Consider what the world would look like without any blues.  Remove the source and all the hues are affected.  No blue, you have no purples or greens either.  It is a primary colour.  A weird perspective, but the effects of a loss of blue from the spectrum is proven by science.  One small thing, huge impact.  Literal is the literal embodiment of all blue and his removal from the world would have profound consequences.  That parallel makes way more sense than saying Sadness = Blue Giraffe.  As for the Metafour, well, no two people looking at it will ever see the same thing.  All that is agreed upon is the colour and that it is a cat of some sort.  Will most readers garner that idea from the poem?  Probably not because it is garrishly literal and it is only one piece of a shoddy story.  It is also part of the reason that the larger a narrative is the more intricate their lessons become.  If done well readers will follow a tale deeper and deeper into the _Hero's Journey._ 

  And yet to someone who is colorblind this reasoning makes no sense at all because they have no concept of colour...But in this case it is the concept of the metaphor (Subject A = Meaning O).  The concept fails to register as it should, leaving the reader to draw their own conclusions.  Yet they still have the capacity to ask for clarification.  So how does one explain blue?  Explain the concept of colour, its billions of hues and shadings to eyes that are inherently, irreparably monochrome.  Easy, right?

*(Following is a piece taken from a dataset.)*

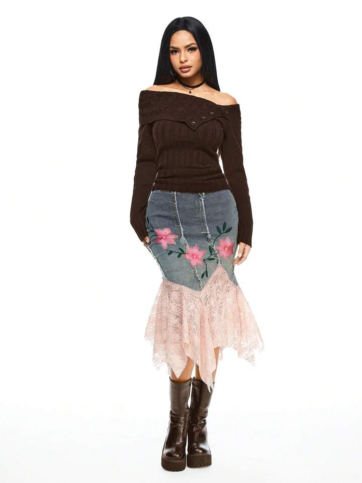 Hippie Gonnellina di jeans vintage lavata, vita bassa, asimmetrica, con inserti in pizzo e ricamo

So how does one explain an impossible, wrong footed perspective to a normal world?  I try in the way that I relate to it, through stories.  Meaning through the piece as a whole.  A work around for the total absence of all colour.  (And until one has had to deal with these fundamental work arounds, please do not assume someone is being deliberately obtuse.  It is because no one can understand that one does not have the capacity to 'see',  muchless comprehend blue.) Can it be quantified as narrative poetry, as it is a story told in verse, yes, but qualitywise it is an entirely different matter.  It's function is simple though, to draw in the reader just enough to make them glance things from a different perspective if only for just a moment.  It isn't about profound meaning; it is about the empathy.

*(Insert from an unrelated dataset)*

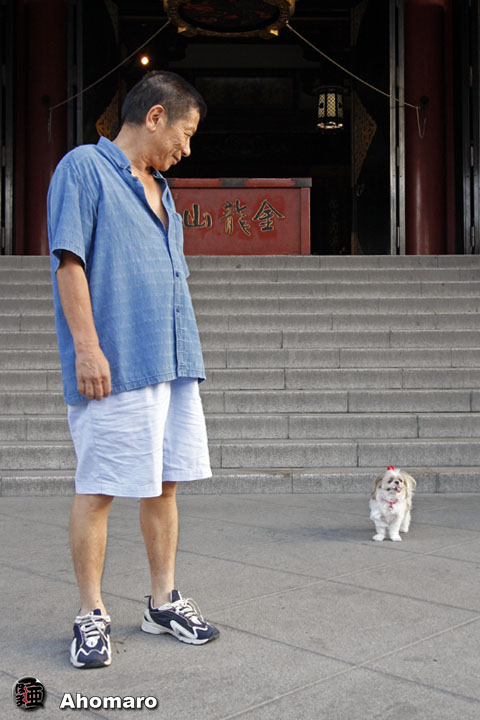 雲ひとつ無い晴天の朝を迎えましたが、あほまろの頭の中は曇天なんです。おまけに、何年も同じことを続けているモモちゃんのとの散歩の準備も狂ってしまいましたよ・・・。モモちゃんの首輪にリードを付け、玄関を出てエレベーター前で最初に気付いたのは、な、なんと、散歩用のバッグと思って肩にかけて来たのは仕事用のバッグじゃないですか。気付いて良かった、慌てて戻りいつものバッグと取り替えたのは良かったのですが・・・。今度はカメラを忘れてしまったんですよ。 再び戻って持ち物をしっかり確認をし、玄関を出たのでしたが、あっちふらふらこっちふらふらのモモちゃんよりも、今朝のあほまろはただボーっとしてぼけ老人のようです。なぜボーっとしているんでしょうね・・・。 こんな時は、更に悲劇が待ちかまえていたのです。雷門前でいつもの写真を撮ろうとすると・・・、メモリーが・・・。二度目の戻りで、あれほど入念にチェックしたっていうのに、忘れてしまったんですね。そこは失敗は成功の母、以前にも同じ経験をしたことから、バッグには予備のメモリーとバッテリーが入っているんですよね。天罰の神様、ざまー見ろ!なんて叫びながら、再びボーっと歩いたのでした。 あほまろの映画「ゆめまち観音」。今月13日に無事クランクアップを終え、昨夜はスタッフと関係者を招待して打ち上げを行ったのです。終わったといっても撮影が終わっただけで、まだまだ仕上げ作業が続いているのですが、この業界のしきたりとして、スタッフを労うため、クランクアップの打ち上げは欠かせない行事なのです。スタッフのみなさんは撮影を終えてホッとしているのを良いことに、次々と3月半の思い出を語りにあほまろの側に寄ってきます。話しに夢中になっているとついつい大声になり、喉も枯れてしまうのは当たり前、それを癒すために水分を補給しなければならないのです。それが、ミネラルウォータでも、炭酸水でも、甘いジュースでもポカリスエットでも効果は同じではありますが、昨夜の宴席にはそんなものはどこにも用意されていないのです。仕方なく、乾杯だけと思って次がれたビールで喉を潤し、再び映画の想い。グラスが空になると誰かしら勝手にグラス目一杯にビールを注いでしまうし、話しに夢中になると喉は渇くし、そんな繰り返しが延々続いてしまうとお腹はビールでチャンポンは長崎なので、お腹はちゃぽんちゃぽんですよね。これ以上ビールなんて入らないよ・・・、その時、テーブルの隅に置かれた芋焼酎に目がとまったのが、ただボーっとする原因だったんのです。 いやぁ〜、酒を断とうと努力しているあほまろにとって、昨夜の打ち上げは堪えましたよ・・・。だから今朝は、頭の中の歯車が狂ってしまったんですよね。どうりで今朝のモモちゃん、抱っこするとあほまろから大きく顔を逸らしていた理由がわかりましたよ。二日用の吐息は臭い臭い。 でも、ちゃんと午前6時の本堂前に間に合いましたよ。そこは、モモちゃんの散歩にプロの技ってことかな、なんて「自負」しても誰も褒めてくれないし・・・。そう、「自負」って言葉を最近のあほまろ良く使っているようですね。この言葉の意味を「プライド」と同じ意味で使っていたのですが、辞書を調べるとちょっと違った表現にも見えてきました。 『自分の才能や能力、学問、業績などがすぐれていると信じて誇ること。他から見てどうであろうとも、自分自身がすぐれていると信じ、それを頼みとして誇る場合に使う』 ま、意味にはさほど変化が無いようなので、あえて訂正はしませんが、あほまろの日記、特に、撮影中の3月半の文章たるや、ヒドイそのものですよね。なにしろ時間に追われ、思いつくままに殴り書きをしていたのでごめんなさいね。書き直そうかと想った箇所も多いのですが、あほまろにとってはどんな文章であろうと、その時の気持ちが見えてくるのです。それが日記の性格ですよね。なんて、これも自負。

I'm wondering if I'm wasting my time trying to write when I cannot attach a 'value' to a metaphor...:apathy:





- D. the T.


----------



## LeeC (Aug 20, 2017)

MP
Hey, someone after my own tastes. I don't pay much attention to dogma as it changes to suit others needs, but I do know what I like to read. I've a couple suggestions to offer that might help settle your mind. The first is to read Jen's second published collection "Windfalls", specifically “The Great Japanese Earthquake of 1923.” The second, and more up "our" ally is Baxter Black's "The Buckskin Mare." A long time favorite of mine.


----------



## Darkkin (Aug 20, 2017)

LeeC said:


> MP
> Hey, someone after my own tastes. I don't pay much attention to dogma as it changes to suit others needs, but I do know what I like to read. I've a couple suggestions to offer that might help settle your mind. The first is to read Jen's second published collection "Windfalls", specifically “The Great Japanese Earthquake of 1923.” The second, and more up "our" ally is Baxter Black's "The Buckskin Mare." A long time favorite of mine.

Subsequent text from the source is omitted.